Present Day Middle Mississippi
But let’s leave the thrill of riding those rapids through the ice age behind and fast forward a dozen thousand years or more to the present day and age where paddlers enjoy an entirely different river, although it can at times and at certain water levels and certain places resemble the river of yore.
Today’s experience on the river is radically different than what bison and saber tooth tigers encountered 15,000 years ago when it was all about survival. Expeditions on the Mississippi River today draw you into long-distance journeys of the heart, where you travel through a landscape and are changed by it. The journey by canoe becomes a metaphorical journey in the discovery of the self. And this is the greatest good, according to the Socrates, and concurred by Jesus in the New Testament.
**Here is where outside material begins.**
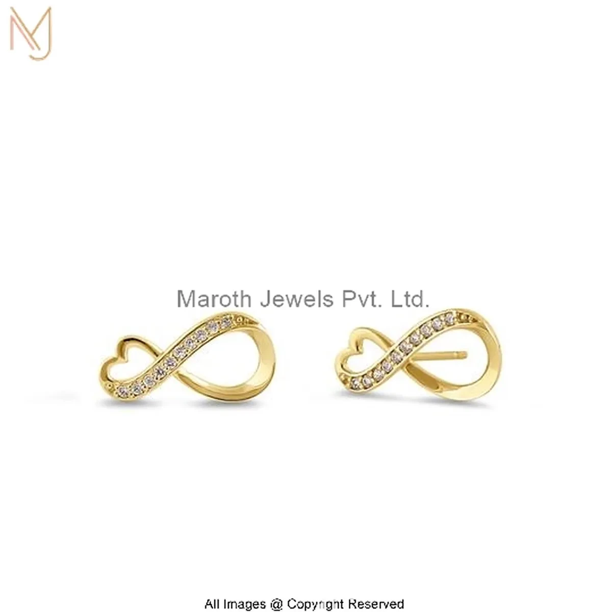 14K Yellow Gold Cubic Zircon Diamond Infinity Symbol Stud Earrings Custom Jewelry

As you bob along downstream dodging buoys and towboats, you become inevitably disturbed by scenes and natural occurrences that cause you to wonder, the wonder sets off a chain of events in your imagination that might go through layers and layers of self-realization that might begin with confusion, maybe fear, maybe even terror, then back to wonder, eventually to resolve itself in realization, maybe comprehension or compassion, and then you either find yourself enlightened with some new knowledge or new appreciation, or you accept the wonders of the creation as work of the creator, and are filled with joy of experiencing beauty of the creator in everyday expressions of sand, mud, water, trees and sky, and the creatures that inhabit them.